Is it bad that I read this as; "hey, you could make a bullet hell shooter set in World War I, someone should totally do that"?
To be honest, with the heavy rise of reactionary AI, I'd be interested if the idea were picked up by a popular game studio. While most games nowadays have set enemy starting points coupled with densely cause-and-effect AI that respond to your location/actions (to make gameplay semi-similar to the atrocity of on-line play and "reality") or AI that's about as interesting as a pop-up book, I'd love to see a revival of challenging "puzzles and patterns" type games like Battletoads, Contra, and maybe Portal (for lack of a better Puzzler.)

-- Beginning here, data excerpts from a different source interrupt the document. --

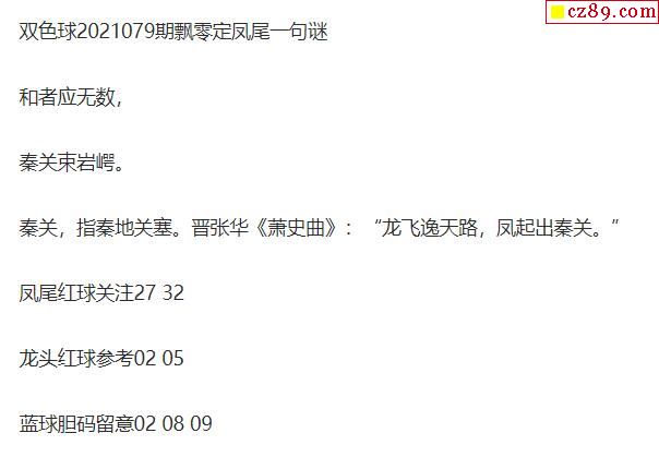 飘零21年079期双色球一句定凤尾
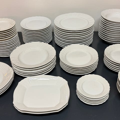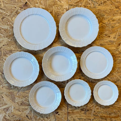 Royal Copenhagen Josephine stel - hvidt med guldkant. Alle dele er uden skår, 1. sortering. Yderst velholdt. Fra kr. 100 pr. del. Kan afhentes i Vallensbæk, eller i Valby efter aftale. Sendes ikke.
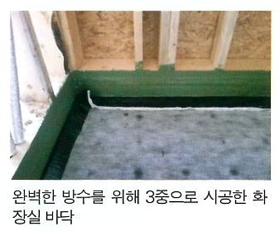 화장실은 대부분 구조재로 제작하고 우레탄 방수를 한 뒤에 타일을 붙인다.
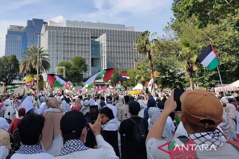 ABNnews–Aksi digelar Ribuan warga di depan Kedutaan Besar Amerika Serikat (AS) untuk Indonesia, Jakarta Pusat, Minggu pagi, sebagai bentuk belasungkawa terhadap tiga personel TNI yang gugur di Lebanon Selatan saat menjalankan misi perdamaian PBB.
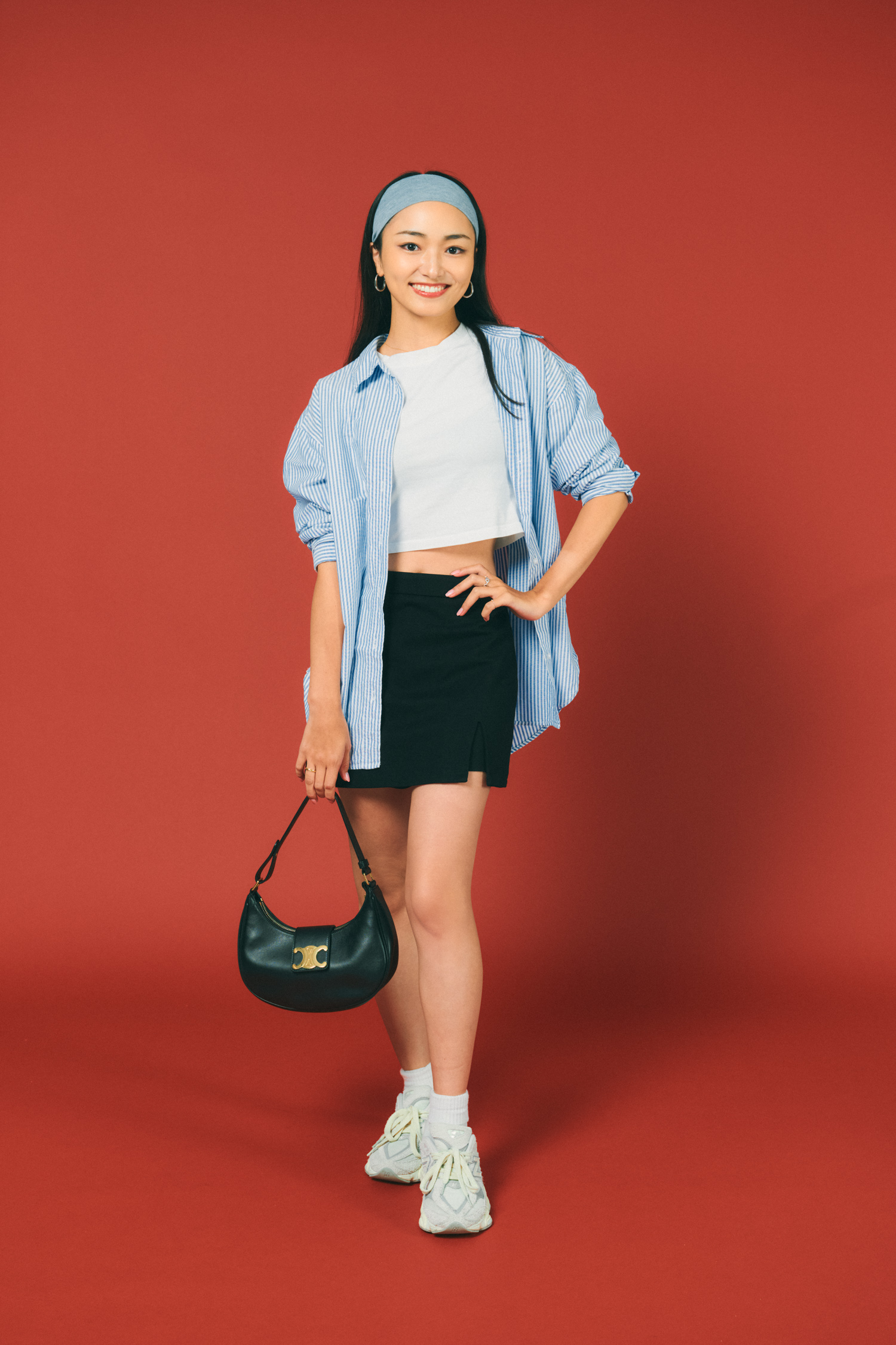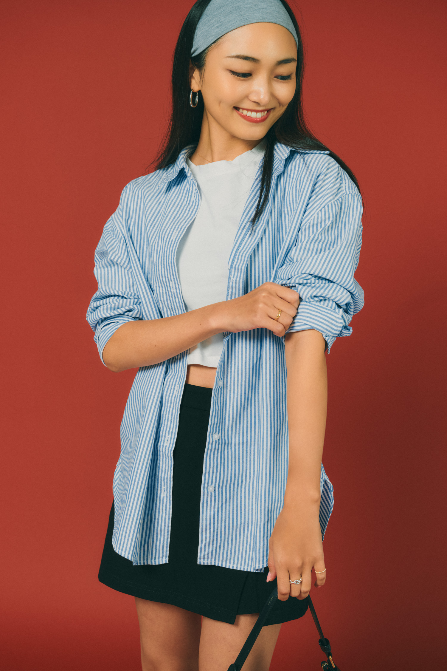 「トレンドのスポーティMIXは、この秋も継続したい気分です!ザラの短丈トップスにオックスフォードシャツを羽織って、肌見せ具合を調整。ヘアバンドやスニーカーで外すのが今年っぽさの秘訣。休日のジム後にそのまま友達とカフェにも行ける、抜け感のあるスタイルです」

Giving AI more difficult and complex patterns over the course of a game (thus rewarding completion rather than scavenger hunting) doesn't really happen anymore. Now, you basically coast through the same general difficulty (eventually resulting in dealing with more and more enemies,) and nothing other than graphics stands out during the experience.

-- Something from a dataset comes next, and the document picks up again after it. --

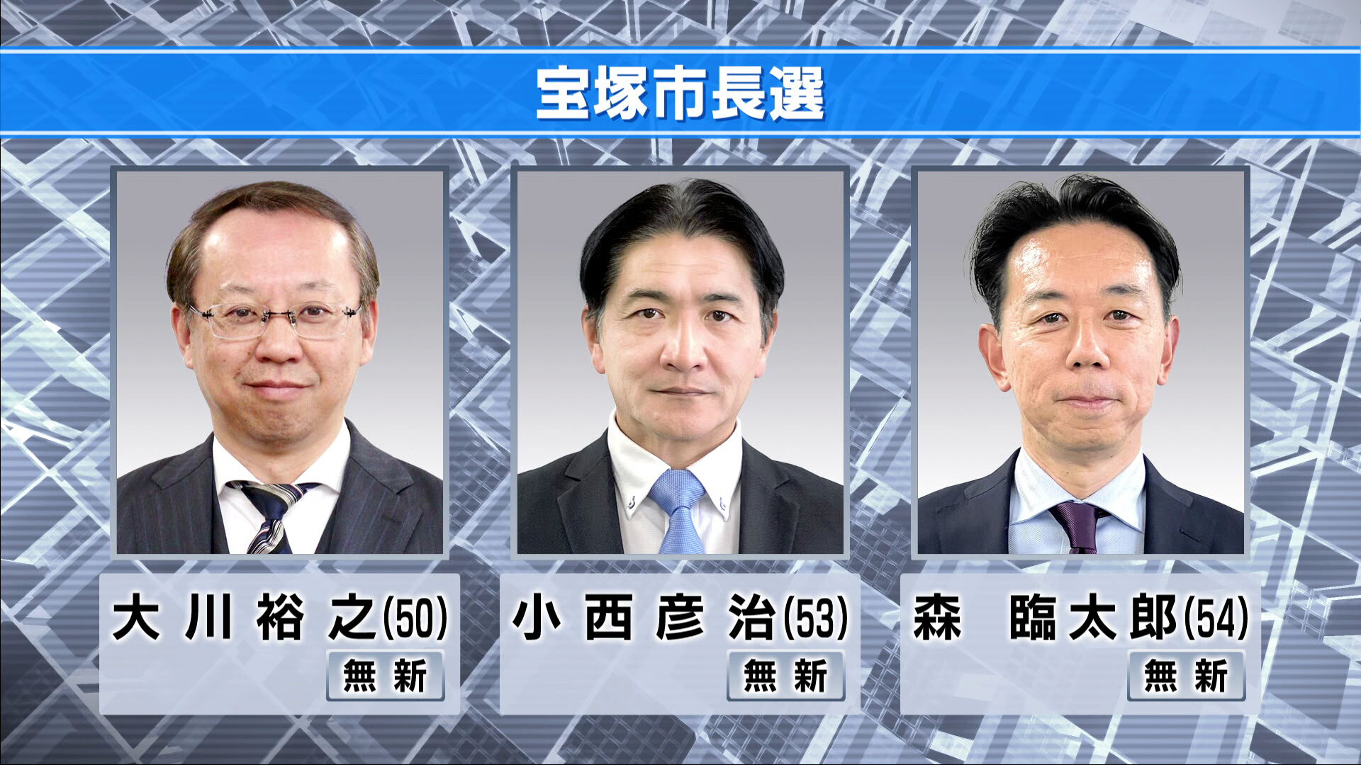 宝塚市長選に立候補したのは、届出順にいずれも無所属・新人で元宝塚市議の大川裕之(おおかわひろゆき)さん(50)、元兵庫県議の小西彦治(こにしひこじ)さん(53)、小児科医・森臨太郎(もりりんたろう)さん(54)の3人です。
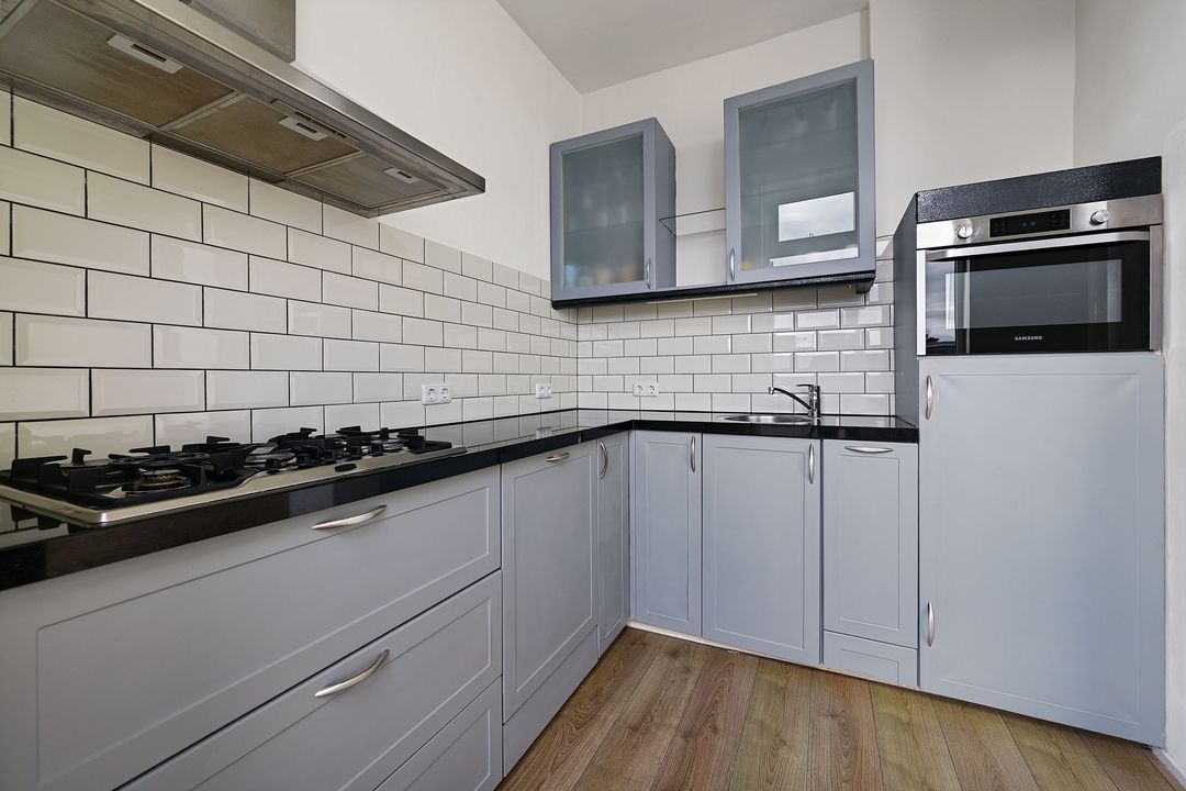 De open keuken aan de achterzijde staat in een L-opstelling en is voorzien van inbouw apparatuur zoals een 5-pits gaskookplaat, afzuigkap, vaatwasser en een combi oven/magnetron en koelkast.

If Demon/Dark Souls could achieve astonishing popularity as of late, I imagine that a shiny new take on Bullet Hell could gain surprising popularity (if it doesn't result in games that look and play like those out-dated "pilot a spaceship or plane as we scroll our way through heavy fire" games.) Putting a unique take on it in a popular war setting would probably pull in your typical first-person shooter nuts and gain popularity for the genre (if it's done by a big game studio and not just an indie group.)